Clinton stressed that her mother fought to pass legislation that insured 6 million children, including 140,000 in Pennsylvania.

She said that women, minorities, single parents and those with a pre-existing health conditions or those whose income is in the bottom 25 percent are less likely to afford health insurance.

“I think that is immoral in the United States of America in the 21st century,” she said.

As for higher education, Clinton said her mother plans to double the Pell Grant and expand its eligibility, build on the AmeriCorps program, reduce debt for public interest workers and make direct student lending a federal initiative.

Clinton said her mother wants to replace FAFSA forms with a checkbox on tax returns, which she said would reduce the multi-billion-dollar cost of printing and administering the applications, as well as making financial aid more accessible.

When Clinton began to talk about the Bush administration’s No Child Left Behind Act, the crowd booed.

“My mother feels the same way,” she said.

Clinton said the act, an unfunded federal mandate, allows states to set their own standards for education, which ultimately gives incentive to lower standards.
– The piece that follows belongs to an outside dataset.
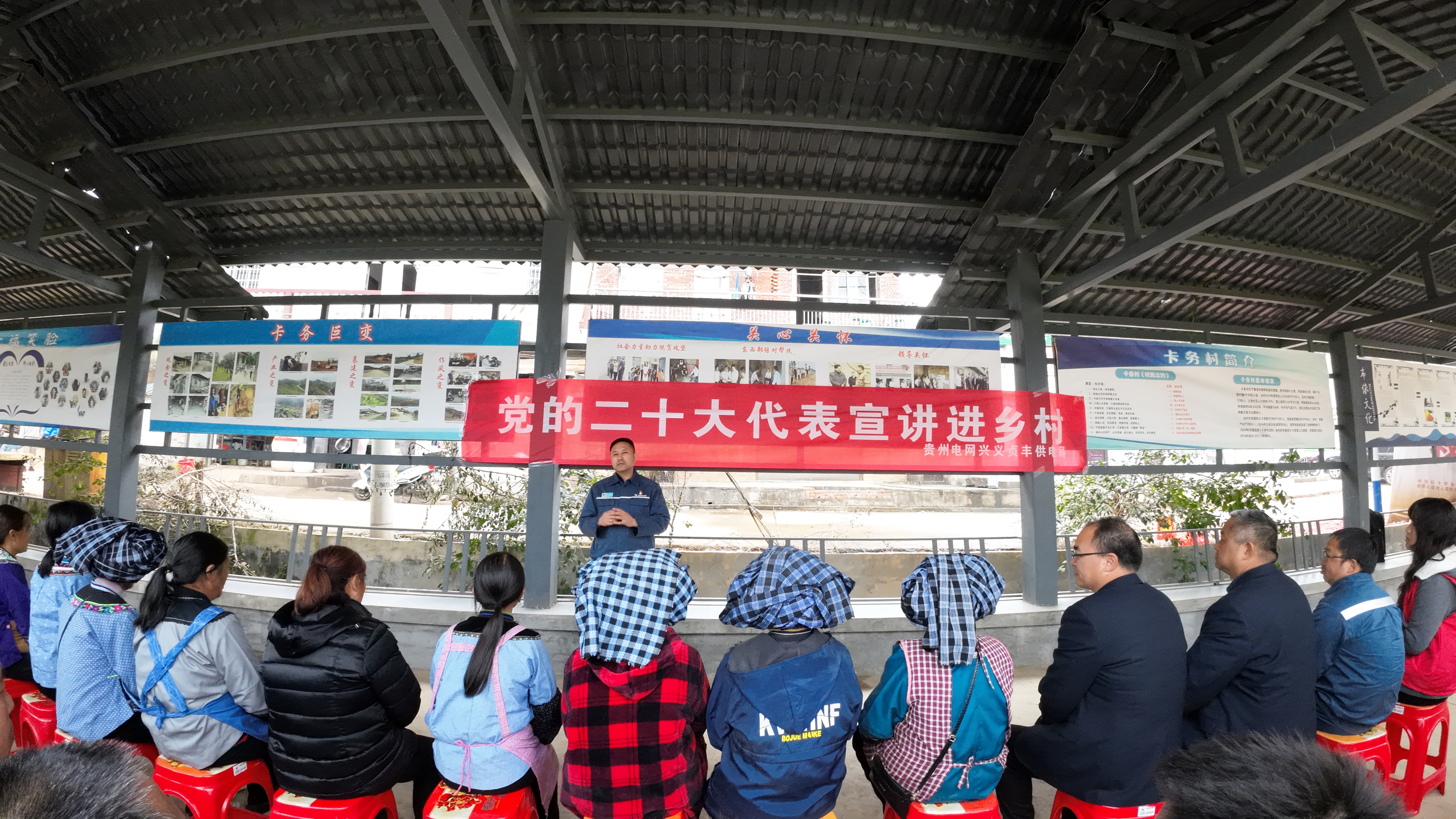 卡务村是贞丰供电局乡村振兴帮扶点之一。当天,一场别开生面的“院坝会”举行,40余名党员干部群众、驻村工作队队员聚集在一起聆听宣讲。龙福刚用亲切的“乡音”向群众传达“党音”,深入浅出阐释了党的二十大报告的丰富内涵和精神实质,让党的二十大精神深入基层干部群众心中,鼓励大家在新征程上砥砺奋进、接续奋斗,共创幸福美好生活。(黔西南日报 特约记者 皮佳丽)

She said the United States ranks No. 27 in the world for its math scores and No. 21 for its reading scores.

Hillary plans to pay teachers to work in troubled school districts and change the system so public education starts at age 3, Chelsea said.

She said these reforms would be paid for by higher tax rates for people earning more than $250,000 per year.

One audience member asked Chelsea how her mother viewed the Bush administration’s decision not to join the International Criminal Court, which was established in 2002 as a tribunal for crimes against humanity.

Chelsea mentioned the Kyoto Protocol, an international agreement for reducing greenhouse-gas production, and the National Convention on the Rights of the Child – both of which lacked U.S. representation.

She said that the only two U.N. member states absent from the NCRC were the United States and Sudan and that Hillary wants to re-enter agreements “that help us articulate our views.”

Sean Astin, who played Samwise Gamgee in “Lord of the Rings,” and Erika Alexander, who played Pam on “The Cosby Show,” joined Clinton on her tour.

She called on young people to “dismiss the gossip” that has defined Hillary’s personality and judge upon the content of character instead of gender or skin color.

“Our young people have got to do it,” Alexander said. “They have a responsibility to continue Dr. Martin Luther King’s aspirations and create their own legacy.”